O Vyalev, medicamento composto por foslevodopa e foscarbidopa, representa uma inovação relevante no tratamento da doença de Parkinson avançada. A Anvisa aprovou seu registro no Brasil em 25 de maio de 2026, destacando que a administração contínua do medicamento pode reduzir as variações na resposta ao tratamento, especialmente em pacientes que apresentam flutuações motoras importantes ao longo do dia.
Diferentemente dos medicamentos orais tradicionais, o Vyalev é administrado por infusão subcutânea contínua, ao longo de 24 horas, buscando manter níveis mais estáveis da terapia à base de levodopa. Nos Estados Unidos, o medicamento já havia sido aprovado pela FDA em outubro de 2024 para adultos com Parkinson avançado e flutuações motoras, com base em estudos que indicaram melhora do tempo “on” sem discinesia incômoda em comparação ao tratamento oral convencional.
Sob a perspectiva do Direito à Saúde, a aprovação do Vyalev no Brasil amplia o debate sobre acesso a terapias inovadoras, especialmente quando há prescrição médica fundamentada e demonstração de que os tratamentos convencionais não oferecem controle adequado dos sintomas.
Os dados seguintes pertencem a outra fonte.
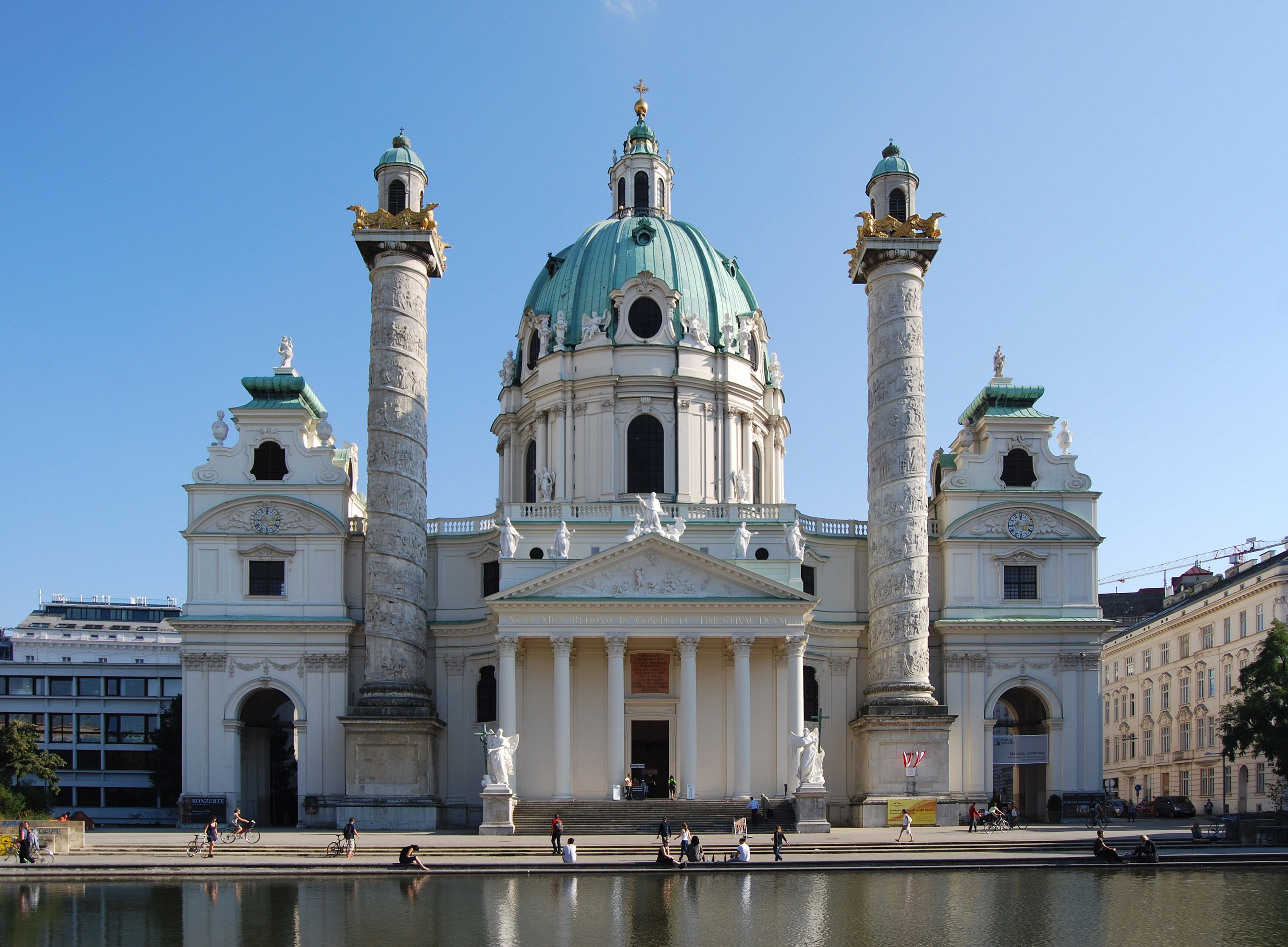 The baroque Karlskirche in Vienna, Austria.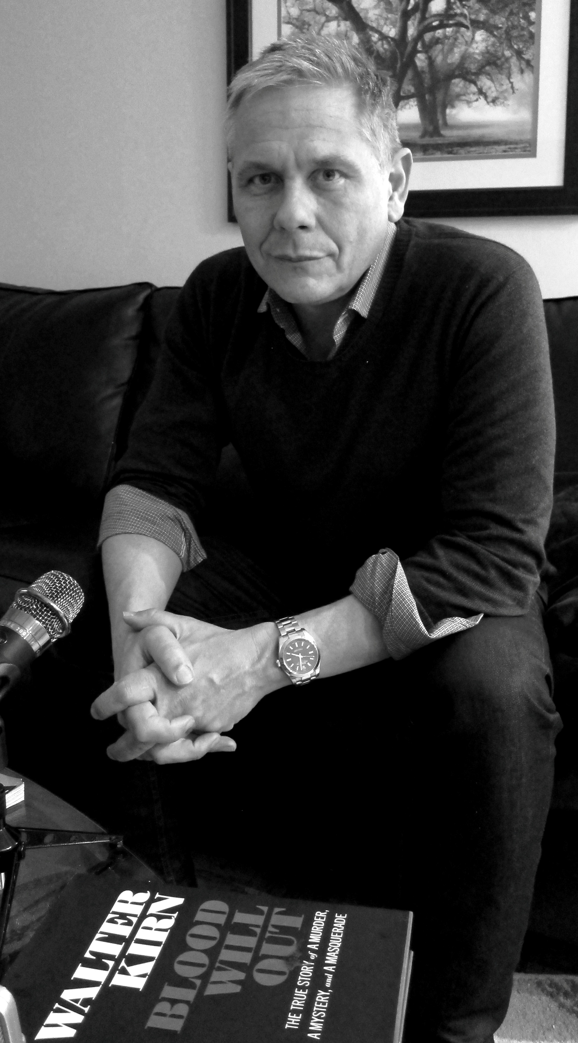 Walter Kirn joins the show to talk about his new book, Blood Will Out (Liveright Press), chronicling Kirn's friendship with the con artist/sociopath known as Clark Rockefeller.

Em doenças neurodegenerativas progressivas, como o Parkinson avançado, a continuidade do tratamento, a preservação da autonomia e a redução das limitações funcionais assumem especial relevância jurídica e humana.
Ainda assim, o acesso ao Vyalev pode envolver obstáculos práticos, como custo elevado, incorporação em políticas públicas, cobertura por planos de saúde e critérios clínicos de indicação. Nessas situações, é possível discutir judicialmente o fornecimento do medicamento, desde que o caso seja analisado de forma individualizada, com documentação médica robusta, indicação específica, histórico terapêutico e demonstração da necessidade do tratamento.
Trata-se, contudo, de uma ação complexa. Demandas dessa natureza exigem avaliação técnica cuidadosa, pois envolvem normas constitucionais, legislação de saúde, regras regulatórias, relações de consumo e critérios médicos especializados. A judicialização pode ser um caminho possível para buscar o acesso ao Vyalev, mas depende sempre das circunstâncias clínicas do paciente e da adequada comprovação da imprescindibilidade da terapia.